For the next several years Williams remained busy with stage work. He also married actress Nina Penn, and at last seemed to find marital stability. In 1930 Williams was cast in the Broadway production of Donald Ogden Stewart 's play Rebound which proved to be moderately successful, or at least successful enough to be purchased by RKO for filming. By this point the talkie revolution had hit Hollywood and the studios were snapping up plays, playwrights, and stage actors by the hundreds. Williams went to Hollywood and repeated his role of Johnnie Coles opposite Ina Claire in the film version of Rebound. In rapid succession he appeared in two other films for RKO, The Common Law (1931) opposite Constance Bennett, and Devotion (1931) with Ann Harding and Leslie Howard.
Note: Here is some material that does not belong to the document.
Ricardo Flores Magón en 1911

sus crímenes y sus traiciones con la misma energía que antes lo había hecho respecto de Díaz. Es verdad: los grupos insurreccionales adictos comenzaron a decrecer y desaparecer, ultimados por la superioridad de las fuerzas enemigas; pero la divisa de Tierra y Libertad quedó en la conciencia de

It was then that 'Frank Capra (I)' cast Bobby in Platinum Blonde (1931), for Columbia Pictures. Williams played down-to-earth reporter Stew Smith, who is drawn to socialite Anne Schuyler (Jean Harlow ) despite their obvious differences in background. Stew marries Anne while his fellow reporter Gallagher, a gal accepted in the city room as "one of the boys," waits patiently for Stew to recognize that his marriage was a mistake and that she is in love with him. The role of Gallagher was assigned, rather bizarrely, to the luminously beautiful Loretta Young, who was then 18 years old and would never be anyone's idea of "one of the boys." For that matter, Harlow wasn't all that believable as a haughty socialite either, but for Williams the role of Stew Smith fit like a glove. This was the sort of role that within a few years would become the province of actors like Spencer Tracy, James Cagney, and occasionally Clark Gable: the man's man with attitude, macho without being obnoxious about it, a guy who is good at his work but has a faint air of insolence about him. Williams pulls it off beautifully and effortlessly steals the show from his miscast co-stars. One wants to see more of his work.
Unfortunately, his work was at an end, for this star-making performance turned out to be Williams' swan song. Bobby was rehearsing with Constance Bennett for his next RKO picture, Lady with a Past (1932), when he complained of stomach pains. After a day or two the pain worsened, and despite his protests Williams was rushed to a hospital for an appendicitis operation. Before the operation was completed his appendix burst. Days later, on November 3, 1931, Williams died of peritonitis. He was 34 years old. Platinum Blonde (1931) had been released just four days earlier, and the first reviews proclaimed that Hollywood had a new star. Instead, Robert Williams became one of Hollywood's great might-have-beens.